The Irlen Method was developed in the early 1980s by Professor Helen Irlen, a Californian psychologist. She was the director of a research project, investigating adult reading disabilities at the University of California.
Helen was talking with a group of adults who had severe reading difficulties. Their comments prompted her to ask them what the page looked like to them when they were reading, and she was astonished by some of the comments they made. They described how the letters on the page seemed to move around, how the white page strained their eyes, how they saw streaks of white on the page, how the print went blurry, how they saw ghosting of letters etc. Around her she was hearing people saying, "That's what I see too! When I tell my family they laugh at me."
Helen Irlen called this disorder - Scotopic Sensitivity, a condition where an individual's visual system is sensitive to certain frequencies within the white light spectrum. This appears to be an inherited difficulty which causes rapid fatigue of the visual system resulting in a range of symptoms, most of which interfere with effective and efficient reading performance.
When Irlen Lenses were first used, there was very little scientific evidence to support the theory. However, over thirty years later there are now over a hundred research publications on Irlen Spectral Filter Lenses (also called Irlen Lenses), including research from Harvard Medical School and the Canadian Medical Association.
A recent breakthrough in research on dyslexia at Harvard University clearly links disorders in a person’s visual perception as a contributing factor for those with dyslexia. A team of neuroscientists, lead by Dr Margaret Livingstone, reported research in the prestigious research journal, Proceedings of the American Academy of Sciences. Their findings show that visual dyslexia is the result of the failure of the visual perceptual system’s neuro-circuits to keep proper timing. They reported that coloured filters can correct this imbalance and therefore reduce the effects of dyslexia, including chronic loss of place, reversing words, blurred vision, movement of the print and rapid fatigue when reading.
Dr Drake Duane, an authority on dyslexia and learning disorders at the Arizona State University, states that this research provides "convincing evidence that the nervous system of those who are dyslexic are atypical and provides theoretical support for the one treatment of dyslexia through the use of coloured filters for reading."
Dr Galaburda, Director of the Dyslexia Neuro-anatomical Centre at Beth Israel Hospital in Boston, views this research breakthrough as indication that the visual system consists of two major neural pathways. "One of these pathways, the magnocellular system, is composed of large cells that carry out fast processes and is used for seeing motion, stereoscopic vision, depth perception, low contrast and locating objects in space. The second pathway, the parvocellular system, is composed of smaller cells that carry out slower processes. This system specialises in colour, detailed forms, high contrast and stationary images." Dr Galaburda explains that a neurological timing imbalance or ‘sluggishness’ in the timing between these two systems lead to visual dyslexia.
The visual perceptual demands of the reading process, usually in situations of high contrast with black print on white paper, exacerbate the problem. It also accounts for why a significant number of people with reading difficulties have poor depth perception and are clumsy. In essence, the disturbed synchronisation of the two visual pathways leads to these perceptual disorders. Autopsies conducted by Dr Galaburda on brains of ten deceased people, five known dyslexics and five normal readers, showed distinct anatomical cell differences (in size) when the parvocellular and magnocellular cells were compared.
Professor Mary Williams, University of New Orleans, has completed research which indicates that the ‘sluggish’ timing or lack of synchronisation of these two visual pathways in dyslexic children is corrected with the use of coloured filters.

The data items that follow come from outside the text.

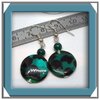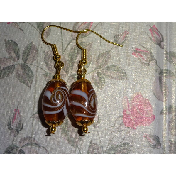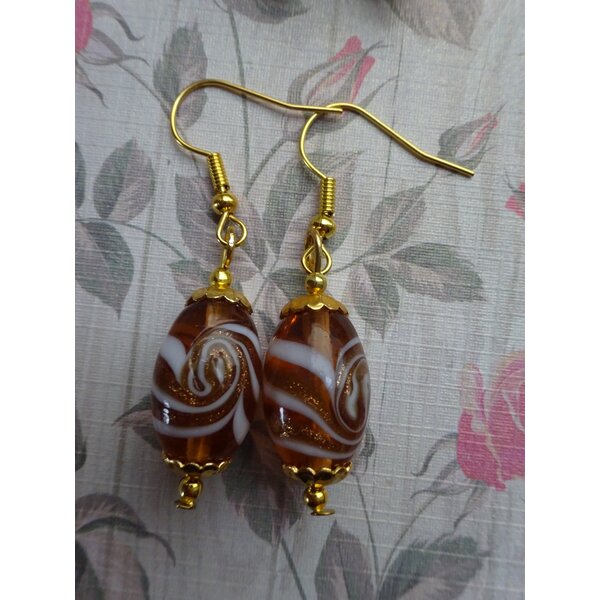 Ohrringe aus Lampwork-Perlen, in die feiner Glitzerstaub eingearbeitet wurde. Mit einem weißen Wirbel in der Mitte.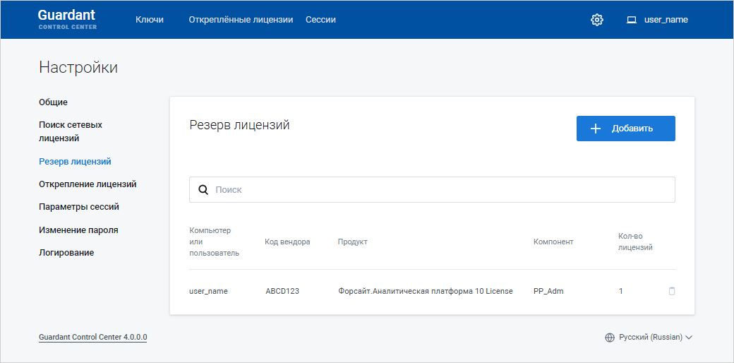 Откройте раздел «Резерв лицензий»: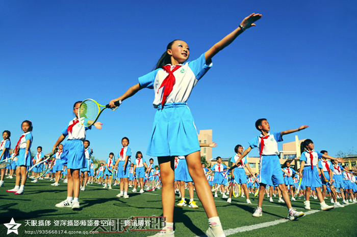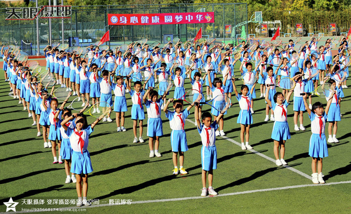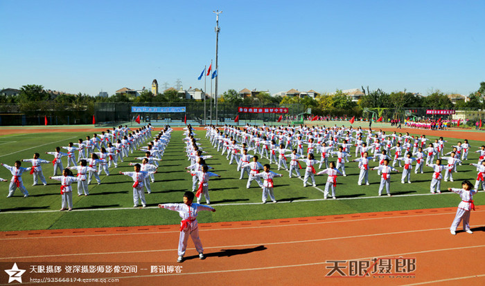 北京农学院附属小学操场上,900多名孩子快乐的表演着数百种体育课项目, 孩子们整齐划一的表演迎来现场嘉宾和观众们的阵阵掌声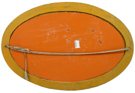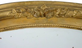 Specchiera ovale in legno e stucco dorato, fine XIX-inizi XX secolo, profilo interno perlinato seguito da fascia modanata ornata da fregi floreali a rilievo, cm 66x98, (difetti)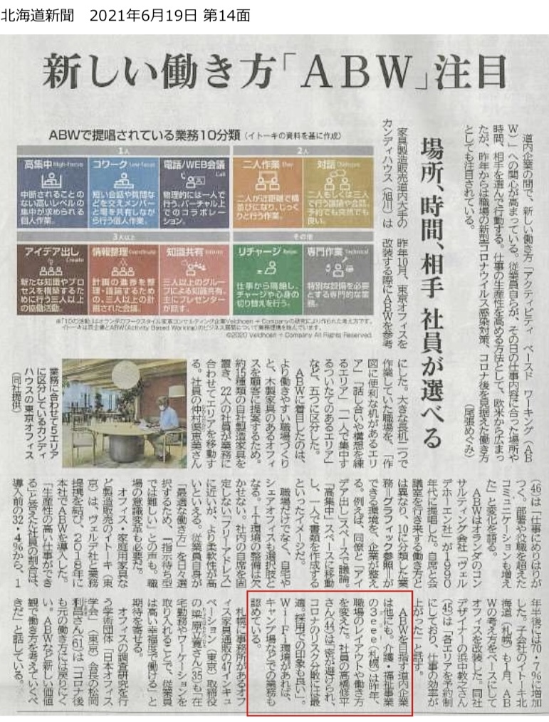 北海道新聞社よりABWという働き方について取材を受け、6月19日発行の北海道新聞の第14面に取組内容をご掲載頂きました。

Dr Solomon, a research psychologist, and Professor Drain, a research optometrist, both at the University of New South Wales - Sydney, recently published research that also provides strong evidence that contrast sensitivity of white to black when reading print on white paper, was a significant factor in creating reading perceptual disorders. Also, coloured filters that were specifically prescribed for particular reading disabled children, dramatically reduced this sensitivity and improved reading.
From this recent research evidence, along with an extensive list of other supporting evidence, Helen Irlen was correct. Carefully and precisely prescribed spectrally modified, Irlen Spectral Filter lenses substantially reduce perceptual disorders for children and adults with what she has classified as Scotopic Sensitivity Syndrome / Irlen Syndrome.